Friday, October 7, 2005

walking through the skin of another life.


my beloved mister and me, we are walking through the skin of another life.

our son: he is beautiful. amazing. the best kind of gift that isn't a surprise.

and yet, we are humbled.

this morning, i gave our ziggy a sponge bath, perked up his rooster-jesus cock's comb hair.
then read him a book, the classic: Are You My Mother?

yes, yes, yes, my boy. i am your mother. it is the most astonishingly lovely thing your daddy and i have yet known and it makes us love and appreciate one another even more, magnifying the astonishingly lovely union of the two of us, now the three of us.

below is the poem that my friend the attorney-poet turned me onto years ago; i loved it then, when first she shared it, yet never really knew the depth of its wonder 'til now, as it's kind of how we feel, lack of slumber and magic intertwined, like a chagall painting:



For the Sleepwalkers

Tonight I want to say something wonderful
for the sleepwalkers who have so much faith
in their legs, so much faith in the invisible


arrow carved into the carpet, the worn path
that leads to the stairs instead of the window,
the gaping doorway instead of the seamless mirror.


I love the way that sleepwalkers are willing
to step out of their bodies into the night,
to raise their arms and welcome the darkness,


palming the blank spaces, touching everything.
Always they return home safely, like blind men
who know it is morning by feeling shadows.

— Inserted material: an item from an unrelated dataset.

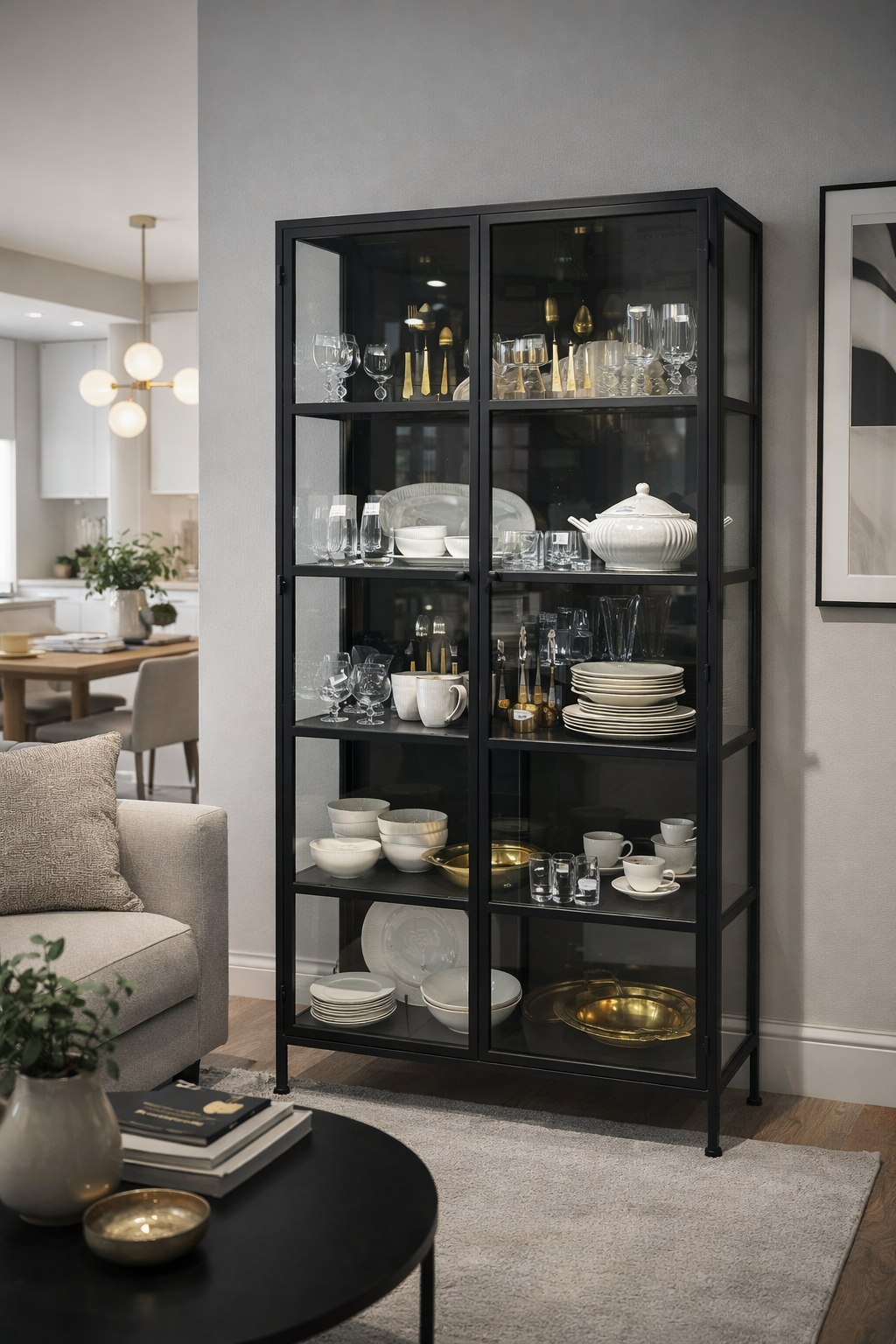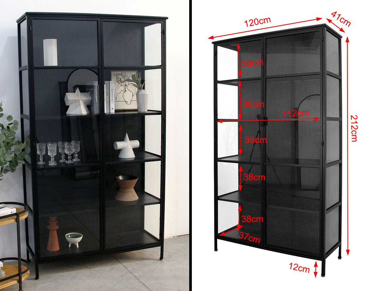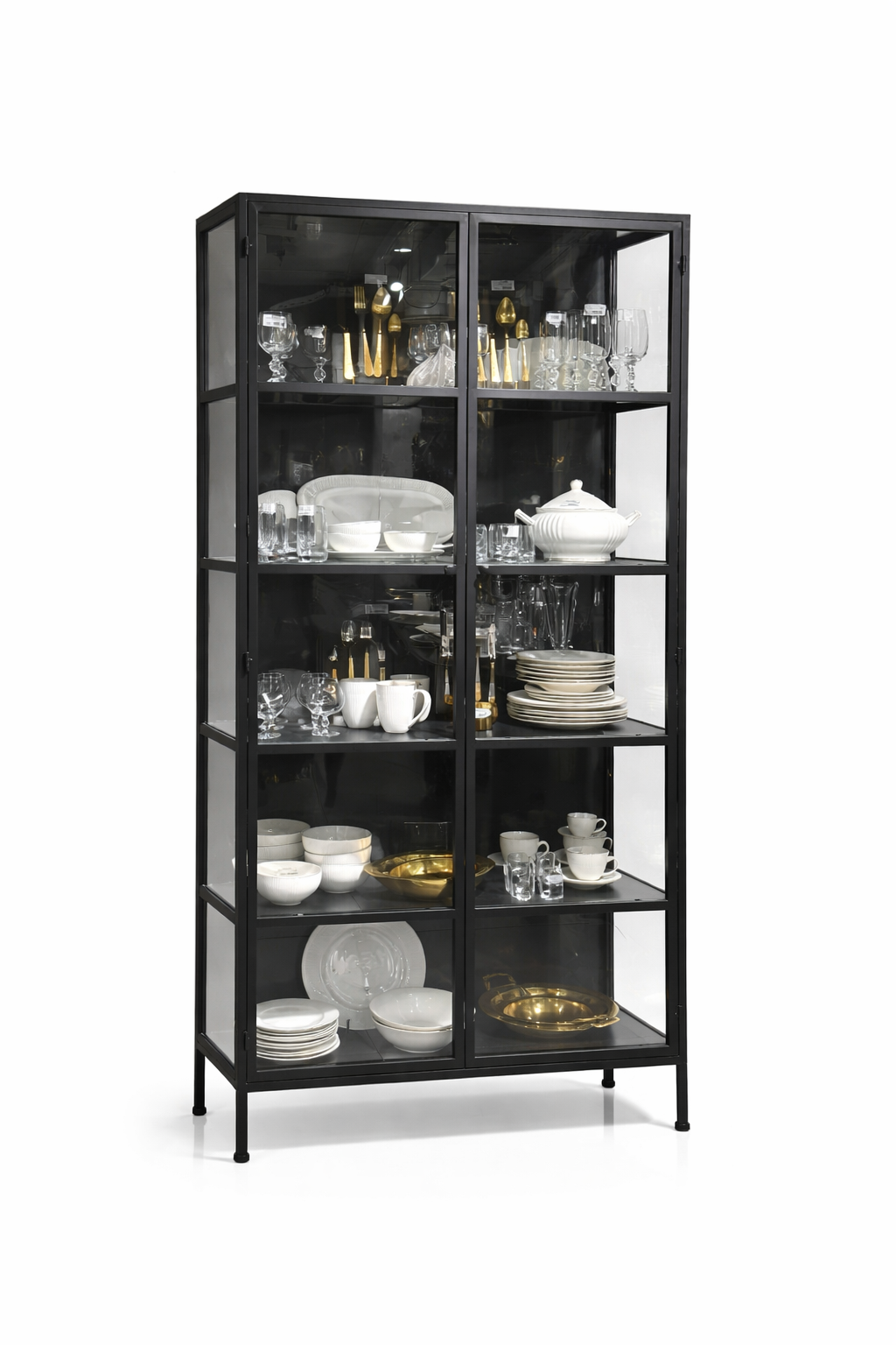 ויטרינה גבוהה בעיצוב תעשייתי־מודרני, עשויה שלדת מתכת שחורה בשילוב זכוכית כהה, ליצירת מראה אלגנטי ונוכח אך מאוזן.

And always they wake up as themselves again.
That's why I want to say something astonishing
like: Our hearts are leaving our bodies.


Our hearts are thirsty black handkerchiefs
flying throught he trees at night, soaking up
the darkest beams of moonlight, the music


of owls, the motion of wind-torn branches.
And now our hearts are thick black fists
flying back to the glove of our chests.


We have to learn to trust our hearts like that.
We have to learn the desperate faith of sleep-
walkers who rise our of their calm beds


and walk through the skin of another life.
We have to drink the stupefying cup of darkness
and wake up to ourselves, nourished and suprised.